Zamki z piasku :lol:
Anonymous - 2006-05-28, 10:45

Dobrze to ujęłaś: zamek z piasku... oby ja najszybciej się rozsypał...
Anonymous - 2006-05-28, 12:49

Wiem,ze mój mąż poszedł na łatwiznę,ale dlaczego on non stop robi na złość,non stop nam przeszkadza w normalnym funkcjonowaniu,nawet na weekend nie możemy wyjechać,bo zawsze coś wymyśli,że muszę przyjechać,albo nie mogę wcale jechać,a jeżeli nie dostosuję się do Jego "wymóg",to mnie straszy,że nie dostanę już nigdy samochodu.Ile on ma złości w sobie,a przecież człowiek szczęśliwy nie jest złośliwy,już nic z tego nie rozumiem.............
Anonymous - 2006-05-28, 14:18

Pytanie, czy naprawdę jest szczęśliwy... pewnie dręczą go gdzieś głęboko wyrzuty sumienia...
A zachowuje się jak rozkapryszone dziecko, które chce pokazać, co to nie on.
Pewnie chce się "dowartościować" tym, ile to od niego zależy...
Ty myśl o sobie i o swoim zdrowiu psychicznym!

Anonymous - 2006-05-28, 15:09

W końcu może mu się znudzi taka "zabawa".
Anonymous - 2006-05-28, 21:22

Mateuszu, bardzo podoba mi się to co napisałeś o Dobsonie, bo ja po przeczytaniu tej książki pomyślałam sobie, że u mnie to już wszystko stracone - przecież Dobson pisze o tym, że swoim zachowaniem można zdysić ten ostatni płomyk. A przecież my tu wszyscy wierzymy, że w każdej sytuacji jest szansa na odbudowanie.

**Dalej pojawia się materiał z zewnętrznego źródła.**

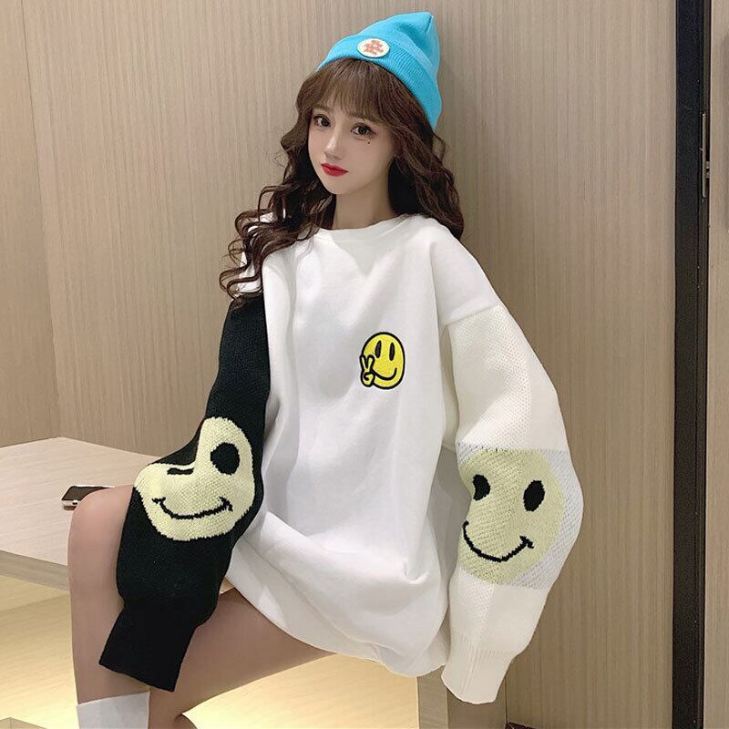 白いセーターの女性の2021年春シーズンの新しい韓国スタイルルーズプラスベルベットのミドル丈のベースセーター ホワイト スプリング 春物 韓国ファッション コーデ marchs6710183254250

Moje zachowanie doprowadziło do tego, że mąż nie wyprowadził się z domu, ale nie rozmawia, a kiedy jeszcze coś mówił oznajmił mi że nie ma już między nami tego co było kiedyś - to to i ja wiem. Nie wiem natomiast, czy teraz lepiej stosować Dobsona, czy obrać jakąś inną metodę.
Wanboma, Twój znalazł z "czystym kontem", a mój z wypełnionym po brzegi - bidulki, za późno się spotkali.